"La Justicia se equivoca conmigo"
A Miguel Mérida Gallardo no le disgusta que lo apoden con el sobrenombre del “último bandolero”. Sin embargo, prefiere que lo conozcan como “el hombre que estuvo 14 años perdido en el monte”. Durante todo ese tiempo, este vecino de Baena rompió todo contacto con la civilización y se cobijó en una guarida que construyó en los pilares de un puente.
También desvalijó centenares de cortijos en la zona de Alcaudete, de los que, principalmente, se llevaba comida para poder sobrevivir. En julio de 2008, fue detenido y ahora acaba de ser condenado a cuatro años y medio de prisión por sus delitos. “La Justicia se equivoca conmigo”, asegura, en la primera entrevista que ha concedido. “No es lo mismo lo que yo hice que, por ejemplo, alguien que da un tirón de un bolso a una anciana. Yo nunca hice daño a nadie, solo robaba para comer”, sostiene con determinación.
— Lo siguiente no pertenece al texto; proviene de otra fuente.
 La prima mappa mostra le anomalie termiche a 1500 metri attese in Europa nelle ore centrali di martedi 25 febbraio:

Sentado y fumando un “ducados rubio” tras otro, Miguel Mérida relata por qué se marchó aquel 2 de febrero de 1994: “Iba a quitarme la vida, pero no tuvo cojones. Siempre fui un cobarde”, asegura con determinación. Rememora una juventud llena de complejos —la halitosis, la timidez, el considerarse “un tonto”— que le hicieron sufrir mucho y refugiarse en el alcohol. “Tuve que dejar mi trabajo y volver a Baena, donde me gasté casi tres millones de pesetas en borracheras”, aclara. Harto de todo, decidió quitarse de en medio: “Aquel día me llevé una cuerda para colgarme y una botella de ‘Sol y sombra’. Me emborraché, me faltó el valor y fracasé otra vez. Estuve cuatro días como un animalillo salvaje, temblando. Ya no fui capaz de volver a mi casa”, explica.
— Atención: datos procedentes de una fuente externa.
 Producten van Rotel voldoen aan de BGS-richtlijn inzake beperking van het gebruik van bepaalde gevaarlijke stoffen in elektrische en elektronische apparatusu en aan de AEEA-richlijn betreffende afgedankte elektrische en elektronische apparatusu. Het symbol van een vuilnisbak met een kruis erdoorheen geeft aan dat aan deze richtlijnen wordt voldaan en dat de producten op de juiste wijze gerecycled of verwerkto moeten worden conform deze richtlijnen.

A la cuarta noche, sediento y muerto de hambre, salió de la cueva en la que se había refugiado. “Lo primero que comí fueron unas almendras”. Con el paso de los días, Miguel comenzó a tomar conciencia de que podía vivir en el monte: “En mis planes nunca estuvo regresar a la civilización”.
El “último bandolero” explica que comenzó a robar porque se “tambaleaba” de hambre. “Al primero que le quité comida fue a mi hermano, que había sembrado unas habas y se las arranqué, recuerda, con una sonrisa en los labios. Después, ya empezó a entrar en los cortijos y en las casas de campo de una zona que conocía como la palma de su mano. “Todo lo que robé era porque me hacía falta. Jamás he hecho daño a nadie o he robado dinero. No me servía de nada. Solo quería comer o ropa para no pasar frío. No soy un criminal”, repite con insistencia, mientras da una honda calada a su cigarro.
Durante los 14 años, Miguel Mérida no habló con nadie: “Cada vez que veía a una persona salía corriendo. Era como un animal salvaje. Tenía mucho miedo”. En muchas ocasiones, pasó por su mente quitarse la vida: “No pensaba volver. Una vez sufrí un percance. Me torcí un tobillo y pensé en qué pasaría si me pasara algo más grave”. En cuanto pudo caminar, volvió a un cortijo para robar una escopeta: “Era para pegarme dos tiros”.
El hombre recuerda como si fuera ayer el día que lo cogieron. El dueño de un cortijo que estaba harto de que le entraran le tendió una emboscada: “Esa noche no iba entrar en su casa, sino que me dirigía a robar huevos a una granja cercana. Me vio, me cogió y me cagué como un mirlo. No le guardo rencor ni a él ni a nadie”. Miguel Mérida señala que colaboró con la Guardia Civil en todo momento: “Ellos también se portaron muy bien conmigo”. Desde que regresó al pueblo, emprendió una nueva vida. Sigue en tratamiento psicológico y participa en talleres para personas con problemas mentales. Ha aprendido a nadar y juega a la petanca todas las tardes: “Tengo amigos, he encontrado mi camino”, asegura. Un camino que se puede ver truncado por la cárcel: “No le tengo miedo a entrar en prisión. He aprendido a no temerle a nada”, agrega. La última pregunta de la entrevista es si cree en la Justicia. Miguel hace una larga pausa. Vuelve a fumar y responde: “No soy un hipócrita. No creo en ella, pero no por lo que me está pasando a mí, sino porque veo muchas situaciones y casos que son injustos”.